- Mount Grant Location within Vermont

Highest point
- Elevation: 3,623 ft (1,104 m)
- Prominence: 663 ft (202 m)
- Listing: Mountains of Vermont
- Coordinates: 44°03′08″N 072°55′33″W﻿ / ﻿44.05222°N 72.92583°W

Geography
- Country: United States
- State: Vermont
- County: Addison
- Town: Lincoln
- Parent range: Presidential Range
- Topo map: USGS Lincoln Mountain Quad

= Mount Grant (Vermont) =

Mountain in Vermont, United States

Mount Grant is a mountain in the Green Mountains in the U.S. state of Vermont. Located in the Breadloaf Wilderness of the Green Mountain National Forest, its summit is in the town of Lincoln in Addison County. The mountain is named after Ulysses S. Grant, former President of the United States.

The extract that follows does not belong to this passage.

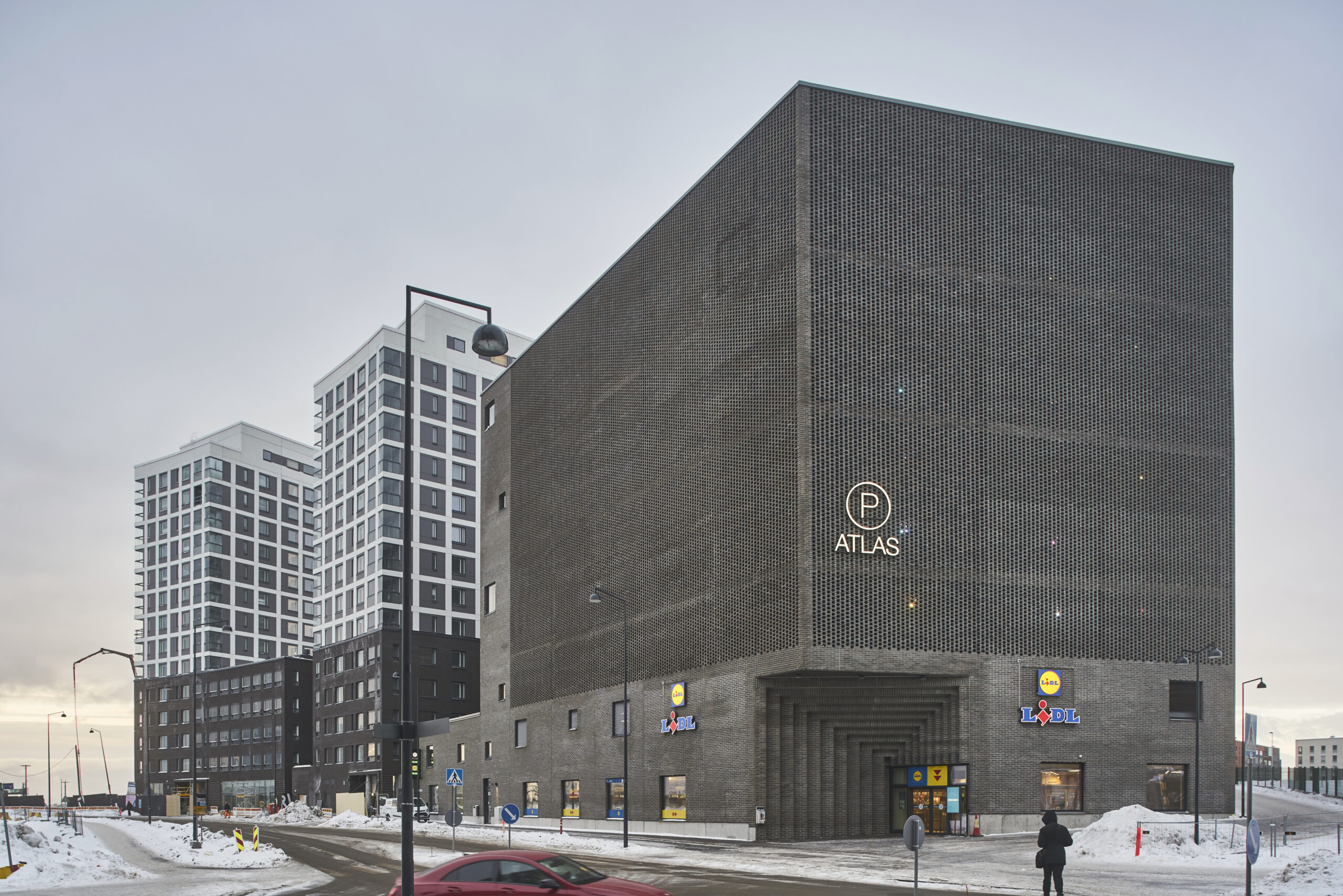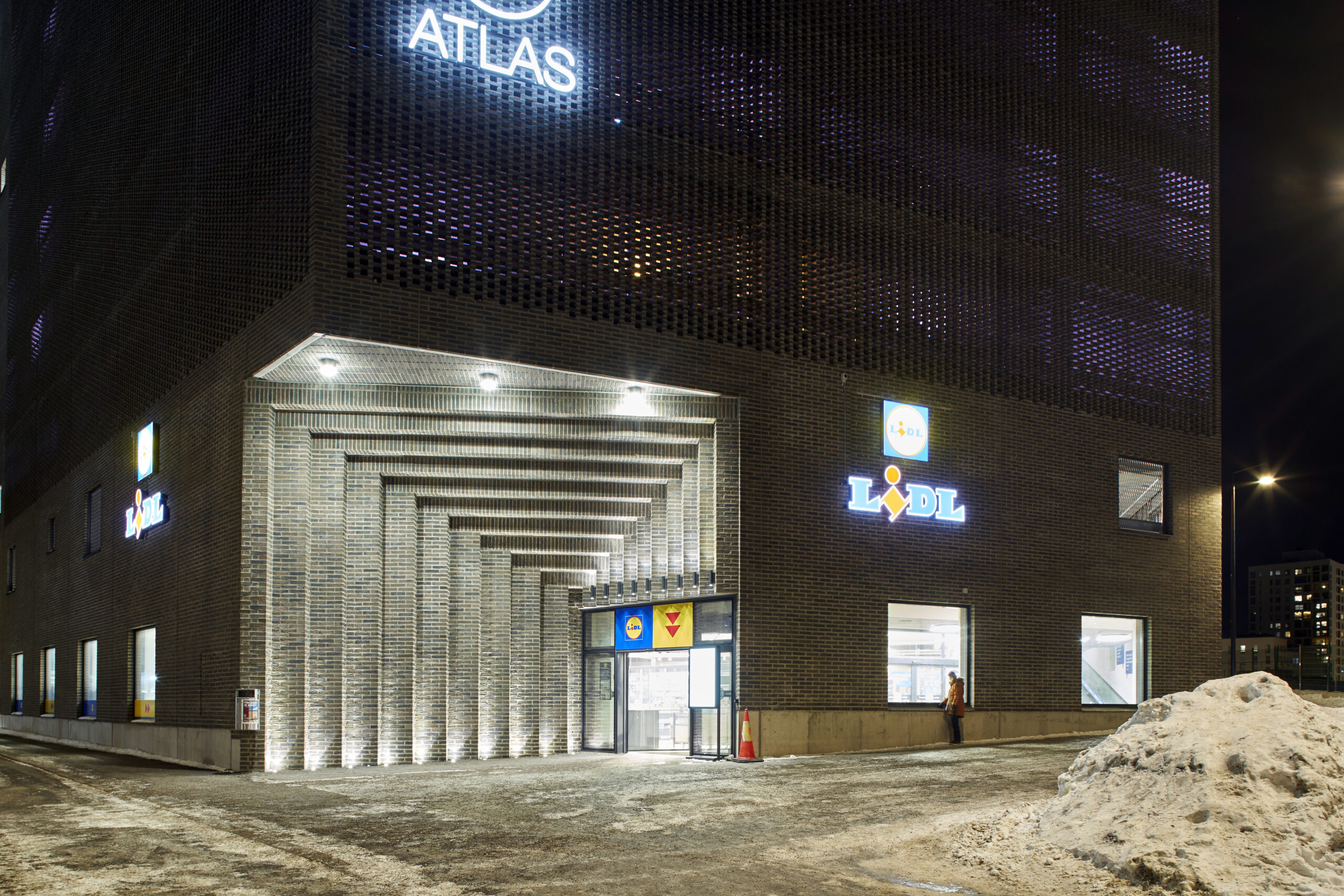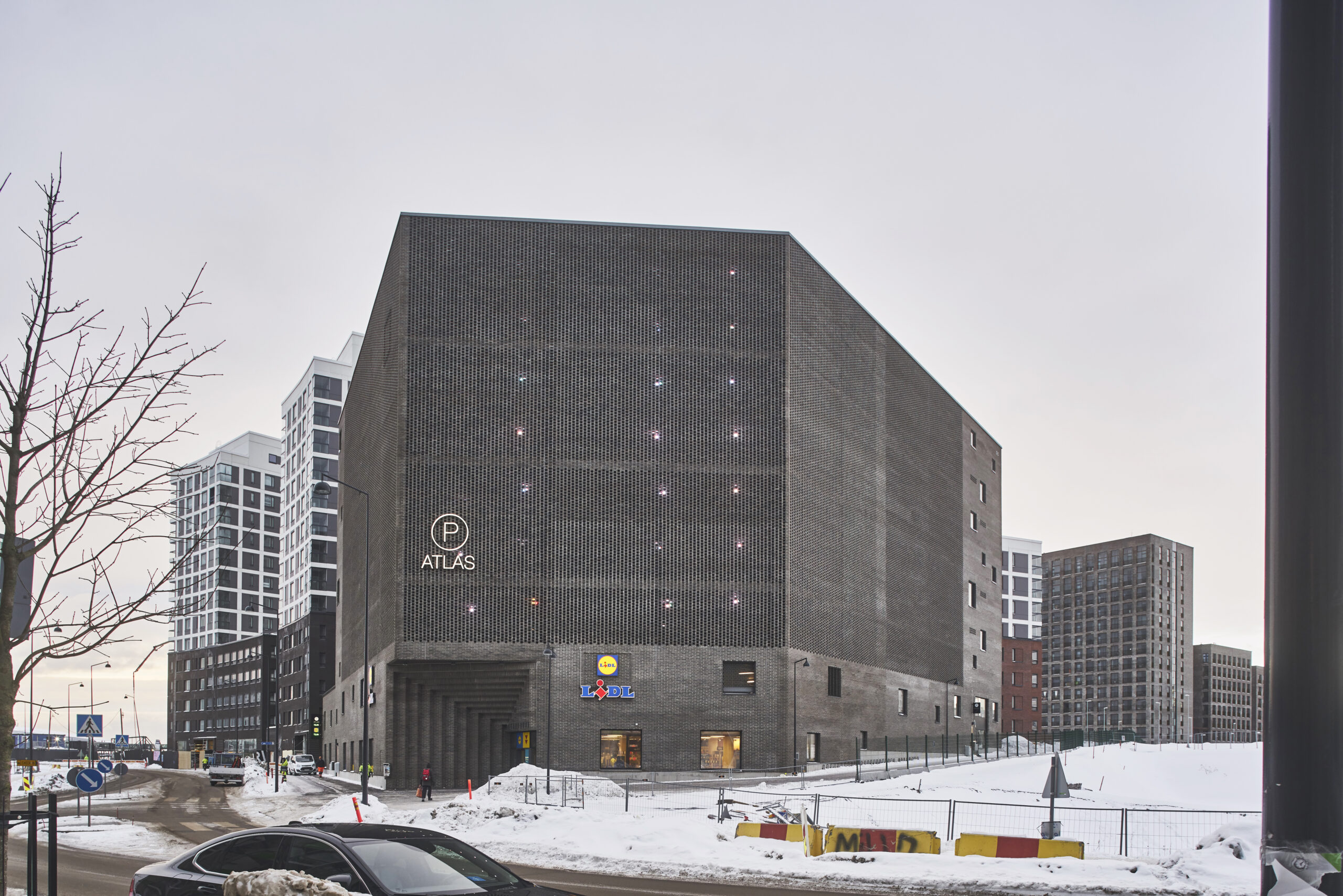 Muurattua pintaa P-Atlaksessa on noin 4 000 m2, niin umpeen muurattuna kuin perforoituna. Päivänvalossa pitsimuurausta tuskin erottaakaan, mutta pimeällä pysäköintikerrokset muuttuvat läpi heijastuvien valojen ansiosta satujen taikalyhdyksi. Silloin P-Atlaksen julkisivun tiilimuurauksessa leikkivät valo ja varjot.

Mount Grant is one of five peaks in Vermont's Presidential Range.

==Drainage basin==
Mount Grant stands within the watershed of Lake Champlain, which drains into the Richelieu River in Québec, the Saint Lawrence River, and then eventually into the Gulf of Saint Lawrence. The northeast side of Mount Grant drains into Stetson Brook, thence into the Mad River, the Winooski River, and into Lake Champlain. The south and west sides of Mount Grant drain into the New Haven River, thence into Otter Creek, and into Lake Champlain.

==Hiking==
The Long Trail traverses the summit of Mount Grant at 3623 feet. From the summit, there are views south across the Breadloaf Wilderness towards Bread Loaf Mountain. The Cooley Glen Trail, whose trailhead is in the town of Lincoln, terminates at the Cooley Glen Shelter on the Long Trail after 3.2 mile. From the shelter, Mount Grant is 0.8 mile to the north while Mount Cleveland is 0.5 mile to the south.